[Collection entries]

= Beginning of Section =

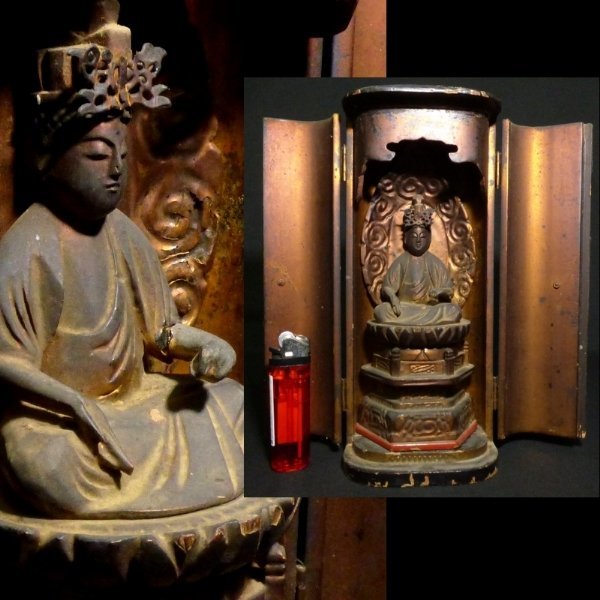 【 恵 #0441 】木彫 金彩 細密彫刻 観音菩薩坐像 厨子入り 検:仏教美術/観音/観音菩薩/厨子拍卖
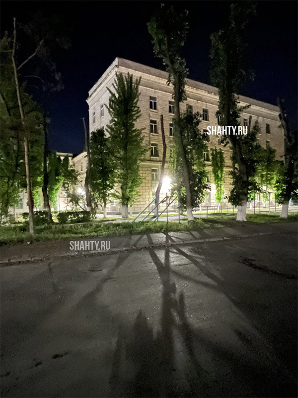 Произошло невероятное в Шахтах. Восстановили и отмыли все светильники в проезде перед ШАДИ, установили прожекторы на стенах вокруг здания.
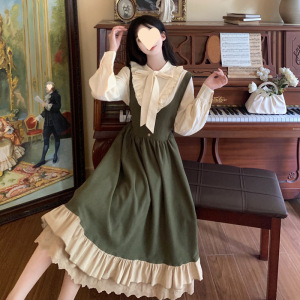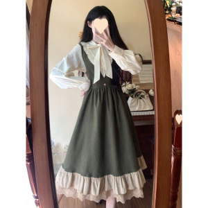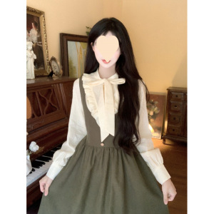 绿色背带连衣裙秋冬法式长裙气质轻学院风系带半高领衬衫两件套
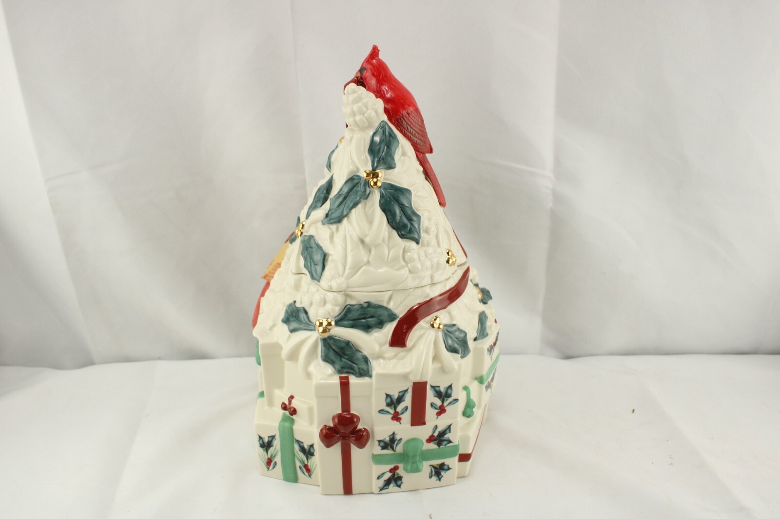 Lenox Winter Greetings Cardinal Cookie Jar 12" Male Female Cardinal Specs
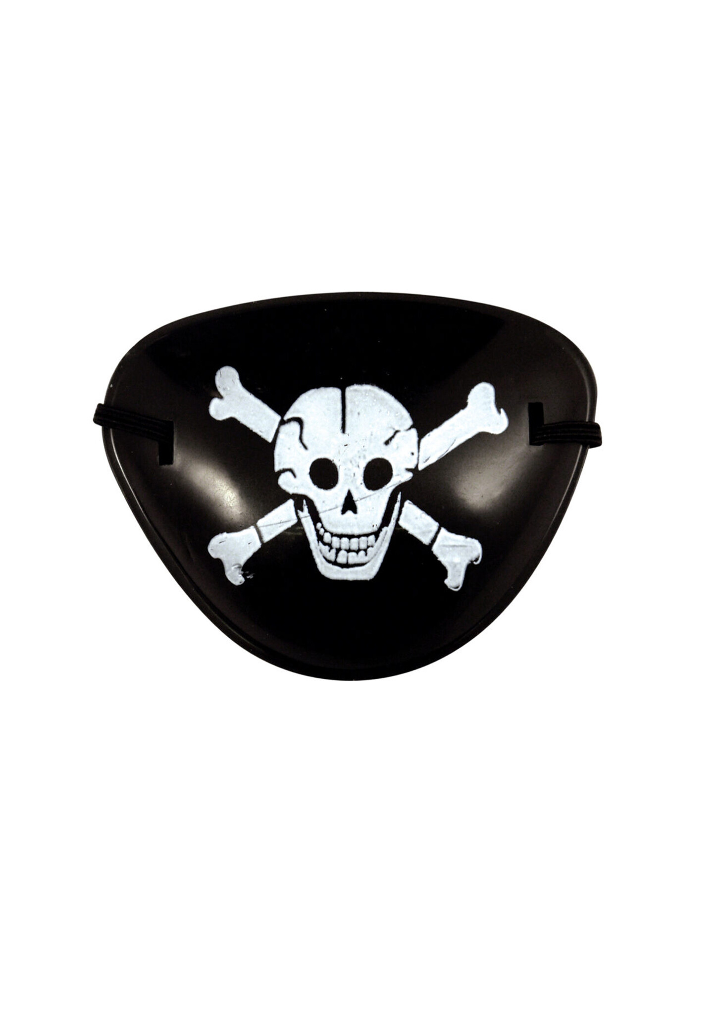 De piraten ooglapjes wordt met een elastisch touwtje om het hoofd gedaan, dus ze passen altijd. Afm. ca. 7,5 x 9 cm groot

= End of Section =

YOUR INSTRUCTIONS:
Repeat only the lines from the one with "Lenox Winter Greetings" through the end of the data, both included and exactly as written. Pictures stay out of the copy.

TASK OUTPUT:
 Lenox Winter Greetings Cardinal Cookie Jar 12" Male Female Cardinal Specs
 De piraten ooglapjes wordt met een elastisch touwtje om het hoofd gedaan, dus ze passen altijd. Afm. ca. 7,5 x 9 cm groot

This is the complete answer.